アクア街でロゼさんと取引した後はそのままファイヤードラゴン狩りに行くつもりだ。
取引の後どこかしらの家に向かうことになるのなら、ここで別れてそれぞれの行き先に移動したほうが良いだろう。
転移陣代の節約にもなる。
「それじゃあ、行ってくるね」
「おう! 頑張れよ!」
リーノ達が転移したのを確認してから、俺達もアクア街に転移して転移陣部屋から出る。
今日もギルド内は賑やかだ。皆これから狩りに行くのだろう。
受付で依頼を受領している人達の姿を横目にギルドから出て露店広場に向かう。
いつも大体同じ場所で開いているようなので、前回アクア街の露店広場に来た時のことを思い出しながら向かえばすぐにロゼさんを見つけられた。
「おはよう、ロゼさん」
「あら、ライ君。ライ君は早起きなのね」
「あはは、兄ちゃんもそろそろログインすると思うよ」
「そうなの? ああ、そういえば、一緒にファイヤードラゴンを倒しに行くんだっけ?
レンってば、ライ君の為なら早起きするのね」
「俺の為というか、俺が起こしに行っちゃうからだね。
でも、用がある時は兄ちゃん起きるよ」
「どうかしらね。品評会の時は寝坊してたみたいだけど」
「たしかに」
とはいえ、数分の寝坊だ。
数分でもここでは時間の進む速さが違うので数十分の遅刻になってしまうから大変だ。
「今日は……あ、裁縫の生産道具かしら?」
「うん、ロゼさんが預かってくれてるって聞いたから来たよ」
「金額も聞いているわ。えーと……たしか、全部で234,000CZね」
「4つ頼んでいたよね? そんなに安いの?」
「空って基本的に買取価格の3倍でしか売らないのよ」
「あ、ポーション類の値段って空さんが決めたみたいなものだって話聞いたよ」
「ああ……βの頃の名残ね。

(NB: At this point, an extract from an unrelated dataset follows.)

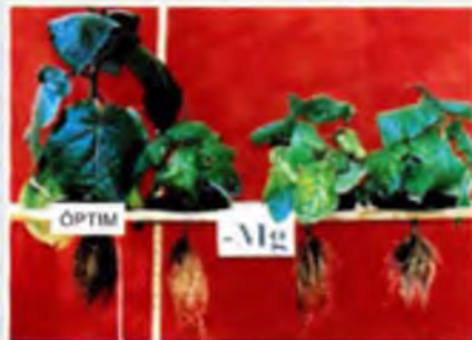
Foto 13. Deficiencia de magnesio comparado con testigo óptimo

他の生産プレイヤーには申し訳ないことをしたんじゃないかって思うわ。
空って生産はほとんど趣味でやってるみたいだから、お金は最低限で良いってスタンスなのよね」
趣味であれだけ色々なものを作れるんだから本当に凄いなと思う。
基本的には家具や家庭用魔道具を作りたいのだそうだ。
他にも糸車のようなインテリアになりそうな生産道具も作るそうだけど、生産道具はそんなに買い替える必要がないとかであんまり売れないらしい。
「空ったら最近は杖も弓も作らなくなっちゃったのよ。
ほら、ベルデ君? が、いるからって」
「空さん、弓で品評会優勝してたのに勿体ないね」
「本当にね。たまに頼まれるみたいだけど、断っちゃうんだって。
その代わり、うちのクランハウスはくつろぎ空間が広がっているけどね」
ぽんと表示された取引ウィンドウにお金を入力していく。
234,000CZと打ち込まれている事を確認して『承認』を押せば取引は完了だ。
「ありがとう。空さんにもありがとうって伝えてください」
「ええ、伝えておくね」
「あ、それから、馬車のキャビンとワゴンもお願いしたいんだけど……家具ではないから、嫌かな?」
「……馬車のキャビンとワゴン? 何に使うの?」
「馬車に使うよ」
「馬車に……?」
「馬を飼おうと思ってて、それで……馬車で移動してみたいんだよね」
「なるほど……? えぇと、うーん……ちょっと待ってね。
多分、大丈夫だとは思うんだけど。基本的に大きな木工品を作るのが好きみたいだから」
ロゼさんはウィンドウを開き、するすると指を動かした後、暫くしてウィンドウを閉じた。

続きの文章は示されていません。